Kalimat terakhir yang membawanya ke kota, masih teringat jelas.

"Ya. Aku bukan ibu kandungmu. Aku hanya pelayan yang menculikmu. Sekarang, pergilah ke kota, keluargamu adalah orang yang paling berpengaruh di Italia. Tak banyak yang bisa kuceritakan, mereka adalah golongan berbahaya yang sangat ditakuti sampai sekarang. Aku harap setelah ini, kau tak menyeretku lebih jauh, tugasku merawatmu sudah selesai. Pergi dan cari jati dirimu sendiri, kau akan menemukan mereka."

"Siapa nama orang tuaku?"

"Aku tak berani menyebut nama mereka, pergi dan cari sendiri. Jangan pernah kembali ke sini karena itu hanya akan membahayakan posisiku juga putraku!"

Tak terasa ia sudah sampai di depan markas, mobilnya ia arahkan masuk ke garasi. Sepatu hitam mahal menyentuh lantai, pelan tapi pasti pintu markas terbuka lebar.
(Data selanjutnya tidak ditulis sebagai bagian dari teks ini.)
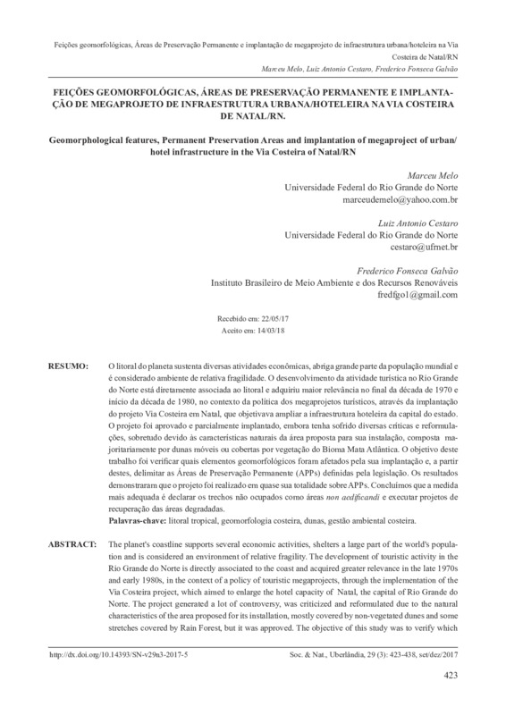 O litoral do planeta sustenta diversas atividades econômicas, abriga grande parte da população mundial e é considerado ambiente de relativa fragilidade. O desenvolvimento da atividade turística no Rio Grande do Norte está diretamente associada ao litoral e adquiriu maior relevância no final da década de 1970 e início da década de 1980, no contexto da política dos megaprojetos turísticos, através da implantação do projeto Via Costeira em Natal, que objetivava ampliar a infraestrutura hoteleira da capital do estado. O projeto foi aprovado e parcialmente implantado, embora tenha sofrido diversas críticas e reformulações, sobretudo devido às características naturais da área proposta para sua instalação, composta majoritariamente por dunas móveis ou cobertas por vegetação do Bioma Mata Atlântica. O objetivo deste trabalho foi verificar quais elementos geomorfológicos foram afetados pela sua implantação e, a partir destes, delimitar as Áreas de Preservação Permanente (APPs) definidas pela legislação. Os resultados demonstraram que o projeto foi realizado em quase sua totalidade sobre APPs. Concluímos que a medida mais adequada é declarar os trechos não ocupados como áreas non aedificandi e executar projetos de recuperação das áreas degradadas.

Satu-satunya bangunan sepetak yang akan lebih terlihat seperti toko tak terpakai yang cukup jauh dari keramaian.

Di dalam memang hanya ada ruangan kosong. Tapi, ketika tangan Ezra ditempel pada dinding, pintu rahasia terbuka, membuat Ezra masuk ke dalam.

Beberapa barang bukti kejahatan Alexander, Darren, Alana, dan musuh-musuh tersembunyi Nathan masih tersimpan rapi pada tempatnya masing-masing. Papan tempat foto-foto musuh Nathan berjejer rapi di sana, ada beberapa yang telah dicoret merah, tapi masih banyak yang aman dari coret merah, itu tandanya Ezra harus meneruskan misi Nathan.